The post Ask Doctor Bitcoin: What does a Trump Administration mean for Bitcoin? appeared first on Mark "Rizzn" Hopkins.

2 ways Blockchain technology could have last week’s massive IoT-launched DynDNS attack

I’m attending IBM’s “World of Watson” event this week in Las Vegas, and one of the most murmured-over topics of conversation is the massive malicious application of IoT to execute one of the world’s biggest distributed denial-of-service attacks in the history of the Internet.

In case you missed it, the short version is that millions of connected devices with known vulnerabilities were used to launch an attack on DynDNS, a company that provides DNS service for a broad cross-section of the internet.

From their company blog:

Starting at approximately 7:00 am ET, Dyn began experiencing a DDoS attack. While it’s not uncommon for Dyn’s Network Operations Center (NOC) team to mitigate DDoS attacks, it quickly became clear that this attack was different (more on that later). Approximately two hours later, the NOC team was able to mitigate the attack and restore service to customers.

While it’s been the subject of quiet hand-wringing of IoT advocates and loud criticism from those making their living selling security services, the silver-bullet solution to the problem was clear to me immediately: blockchain.

NameCoin: The solution to a great many looming ills on the internet.

FadiChehade-1024x713I’ve talked about it a few times on my personal blog as well as elsewhere after then ICANN CEO Fadi Chehade came TheCUBE in January of 2014 and dropped a bit of a bombshell: the world has eighteen months to come up with a new governance model for the internet. We asked him on the show if Chehade thought world leaders are prepared to take on the complex and very layered information needed to understand and implement a new model for governance.

Chehade laughed fadingly.

“They are scrambling. Most countries are scrambling, few countries are prepared,” said Chehade. When pressed again for a more direct answer of if they can figure it out in 18 months, Chehade shows his hand. By dodging the question in pulling from in prepared facts dance that avoids saying yes or no definitively, Chehade says in turn says no and rather empathically.

Throughout the interview, he discussed the reasons why the governance model wasn’t tenable (it has to do with perceived political corruption and conflict of interest that other world states hold about America, and its former role in overseeing ICANN).

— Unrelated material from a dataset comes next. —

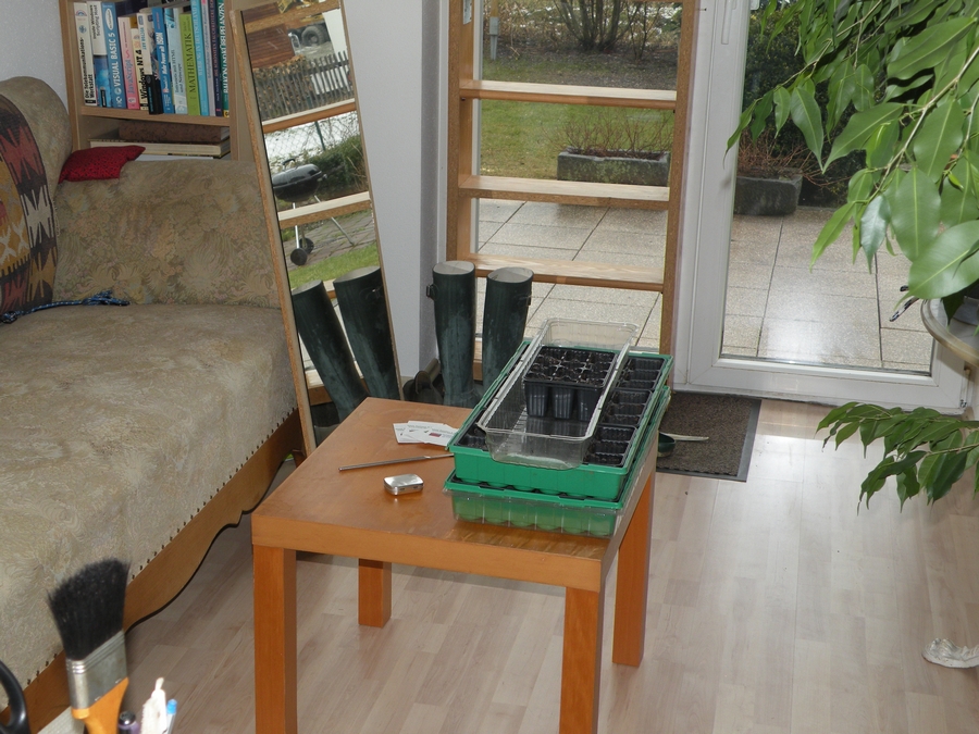 Heute morgen: Schneeregen, knapp 1°C. Dann muß ich die Tomaten halt drinnen säen. Teppich weg, kleines Tischchen hingestellt und los geht's. (28.02.2015)

The whole interview is riviting, and worth a watch.

Despite acknowledging that distrust of humans and the organizations built around them is the root of the issue, ICANN hasn’t to this day sought to explore a blockchain solution to the problem, despite it being one of the oldest proof-of-concept applications of blockchain technology.

From the NameCoin foundation’s website:

Namecoin was the first fork of Bitcoin and still is one of the most innovative “altcoins”. It was first to implement merged mining and a decentralized DNS. Namecoin was also the first solution to Zooko’s Triangle, the long-standing problem of producing a naming system that is simultaneously secure, decentralized, and human-meaningful.

It was and continues to be a very elegant solution to the corruption problem. Because it’s commonly merge-mined with Bitcoin, it’s not succeptible to a 51% attack like many other niche cryptocurrencies. It operates according to some rules inherent to the protocol, and isn’t subject to human whims or influence. In short, it solves the dilemma Chehade describes.

More germane, decentralization solves the issue a DDoS attack on DNS systems would present. The record of domain ownership is public information and self administered by the protocol, so targeting one specific set of DNS servers would be a minor inconvenience rather than a far-reaching catastrophe. Literally anyone can pop up a node, block explorer and bolt on a DNS service with NameCoin with no cost other than the hardware it runs on (for a more technical explination, head to this GitHub repo).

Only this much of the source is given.